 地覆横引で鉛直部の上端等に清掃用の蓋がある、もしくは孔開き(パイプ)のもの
-- -- --
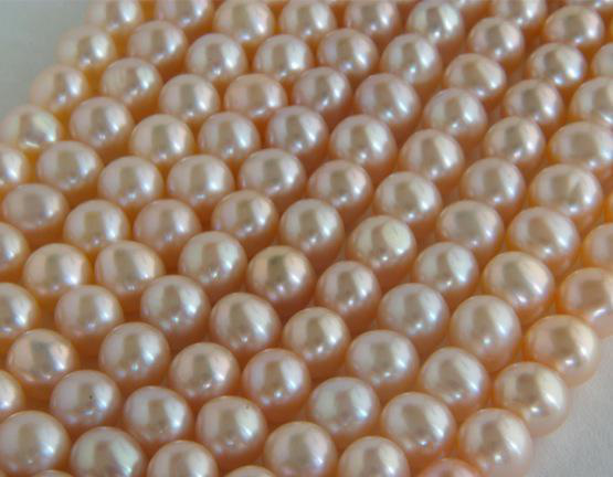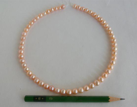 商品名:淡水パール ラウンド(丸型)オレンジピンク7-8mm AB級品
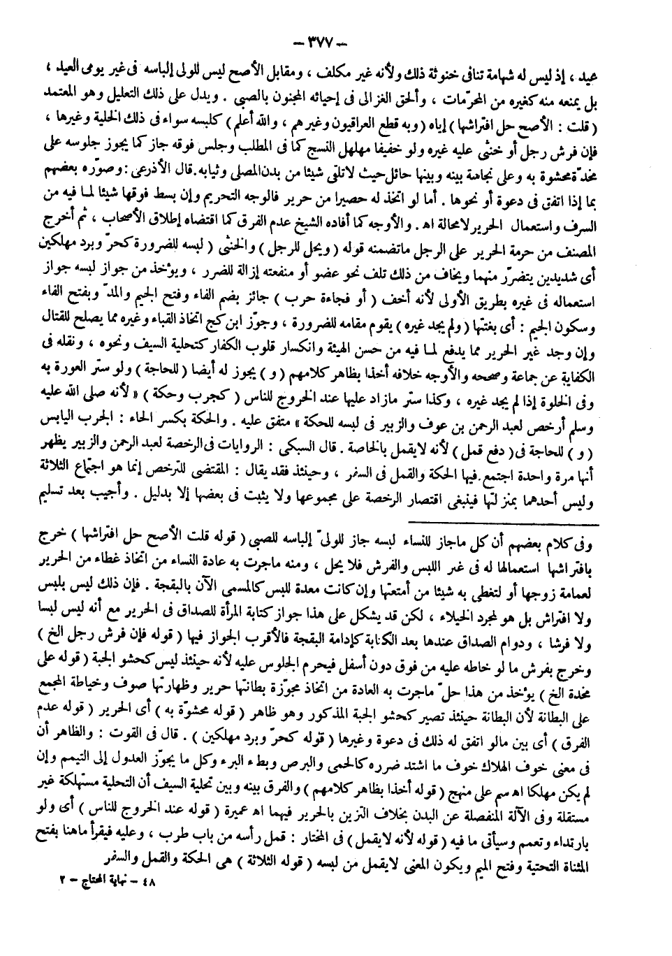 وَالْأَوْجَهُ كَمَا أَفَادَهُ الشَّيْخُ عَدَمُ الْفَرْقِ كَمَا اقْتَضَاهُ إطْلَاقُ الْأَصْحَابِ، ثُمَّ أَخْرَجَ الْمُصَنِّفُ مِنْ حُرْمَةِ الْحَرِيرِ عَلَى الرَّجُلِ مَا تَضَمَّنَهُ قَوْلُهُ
-- -- --
▸ **Task requirements**: Take the material above and output only the lines from the one that contains "商品名:淡水パール ラウンド(丸型)オレンジピンク7-8mm AB級品" through the one that contains "وَالْأَوْجَهُ كَمَا أَفَادَهُ", ends included and images left out.

▸ **Answer to this problem**:
 商品名:淡水パール ラウンド(丸型)オレンジピンク7-8mm AB級品
 وَالْأَوْجَهُ كَمَا أَفَادَهُ الشَّيْخُ عَدَمُ الْفَرْقِ كَمَا اقْتَضَاهُ إطْلَاقُ الْأَصْحَابِ، ثُمَّ أَخْرَجَ الْمُصَنِّفُ مِنْ حُرْمَةِ الْحَرِيرِ عَلَى الرَّجُلِ مَا تَضَمَّنَهُ قَوْلُهُ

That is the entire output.